--- Source information Enclosed Below ---

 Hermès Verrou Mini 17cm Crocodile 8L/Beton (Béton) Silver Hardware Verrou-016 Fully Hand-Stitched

--- End of Enclosed Source information ---
--- Source information Enclosed Below ---

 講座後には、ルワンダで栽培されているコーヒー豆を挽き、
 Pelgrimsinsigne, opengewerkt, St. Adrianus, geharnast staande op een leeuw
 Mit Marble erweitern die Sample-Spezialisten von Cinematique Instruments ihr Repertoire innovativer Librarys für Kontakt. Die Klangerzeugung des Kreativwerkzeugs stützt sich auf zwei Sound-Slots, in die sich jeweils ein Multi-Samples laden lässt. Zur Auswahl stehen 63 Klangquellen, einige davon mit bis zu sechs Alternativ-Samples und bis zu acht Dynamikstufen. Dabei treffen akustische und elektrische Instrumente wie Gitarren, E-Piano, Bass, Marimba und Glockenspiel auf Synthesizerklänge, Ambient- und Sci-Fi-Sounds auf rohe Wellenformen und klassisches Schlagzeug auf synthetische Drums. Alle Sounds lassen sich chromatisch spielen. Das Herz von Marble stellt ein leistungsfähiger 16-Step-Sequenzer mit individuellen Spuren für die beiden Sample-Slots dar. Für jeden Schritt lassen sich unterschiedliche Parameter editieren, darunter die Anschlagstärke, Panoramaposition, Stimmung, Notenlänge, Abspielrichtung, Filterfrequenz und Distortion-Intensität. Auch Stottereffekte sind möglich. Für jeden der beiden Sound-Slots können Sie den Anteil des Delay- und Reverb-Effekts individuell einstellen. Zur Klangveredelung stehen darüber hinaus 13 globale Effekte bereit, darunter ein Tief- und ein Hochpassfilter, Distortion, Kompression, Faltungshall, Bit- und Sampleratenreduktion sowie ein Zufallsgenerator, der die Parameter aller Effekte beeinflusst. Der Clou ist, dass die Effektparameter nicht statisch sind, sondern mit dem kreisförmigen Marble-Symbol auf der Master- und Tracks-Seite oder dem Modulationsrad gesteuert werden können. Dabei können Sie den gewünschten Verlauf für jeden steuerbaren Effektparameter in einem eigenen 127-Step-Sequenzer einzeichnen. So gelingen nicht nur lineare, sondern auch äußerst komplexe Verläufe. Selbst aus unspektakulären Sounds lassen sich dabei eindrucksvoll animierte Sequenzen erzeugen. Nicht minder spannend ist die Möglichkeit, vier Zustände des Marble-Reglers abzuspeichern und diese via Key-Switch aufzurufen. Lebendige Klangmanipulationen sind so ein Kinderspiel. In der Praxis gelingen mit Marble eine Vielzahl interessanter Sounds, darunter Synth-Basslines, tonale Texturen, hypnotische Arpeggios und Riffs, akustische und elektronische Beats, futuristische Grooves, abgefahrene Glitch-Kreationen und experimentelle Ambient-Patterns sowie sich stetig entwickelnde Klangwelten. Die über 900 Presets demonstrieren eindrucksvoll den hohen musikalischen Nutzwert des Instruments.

--- End of Enclosed Source information ---

### Directions
Return exactly the lines above from the line that has "講座後には、ルワンダで栽培されているコーヒー豆を挽き、" through the line that has "Pelgrimsinsigne, opengewerkt, St.", inclusive, and nothing else.

### Answer for this exercise
 講座後には、ルワンダで栽培されているコーヒー豆を挽き、
 Pelgrimsinsigne, opengewerkt, St. Adrianus, geharnast staande op een leeuw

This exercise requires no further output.